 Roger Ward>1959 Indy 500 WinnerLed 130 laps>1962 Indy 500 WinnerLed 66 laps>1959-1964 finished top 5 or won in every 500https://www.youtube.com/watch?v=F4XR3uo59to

---

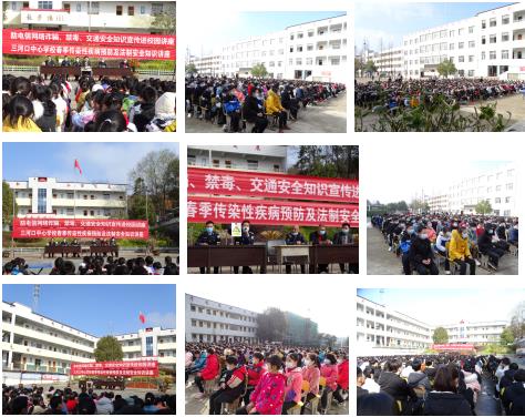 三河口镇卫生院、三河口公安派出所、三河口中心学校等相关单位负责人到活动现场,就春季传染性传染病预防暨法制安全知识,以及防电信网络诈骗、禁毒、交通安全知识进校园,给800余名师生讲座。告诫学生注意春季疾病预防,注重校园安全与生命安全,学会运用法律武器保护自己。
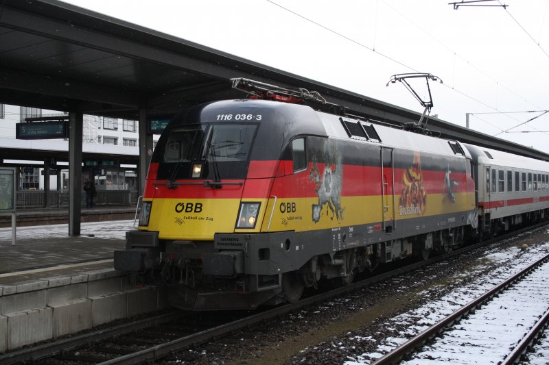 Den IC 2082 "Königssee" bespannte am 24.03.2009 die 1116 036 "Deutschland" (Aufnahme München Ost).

_WHAT THE EXERCISE ASKS_
Leave out every picture, and copy exactly the lines above starting at the one holding "三河口镇卫生院、三河口公安派" and ending at the one holding "Den IC 2082", no more and no less.

_SOLUTION TO THIS TASK_
 三河口镇卫生院、三河口公安派出所、三河口中心学校等相关单位负责人到活动现场,就春季传染性传染病预防暨法制安全知识,以及防电信网络诈骗、禁毒、交通安全知识进校园,给800余名师生讲座。告诫学生注意春季疾病预防,注重校园安全与生命安全,学会运用法律武器保护自己。
 Den IC 2082 "Königssee" bespannte am 24.03.2009 die 1116 036 "Deutschland" (Aufnahme München Ost).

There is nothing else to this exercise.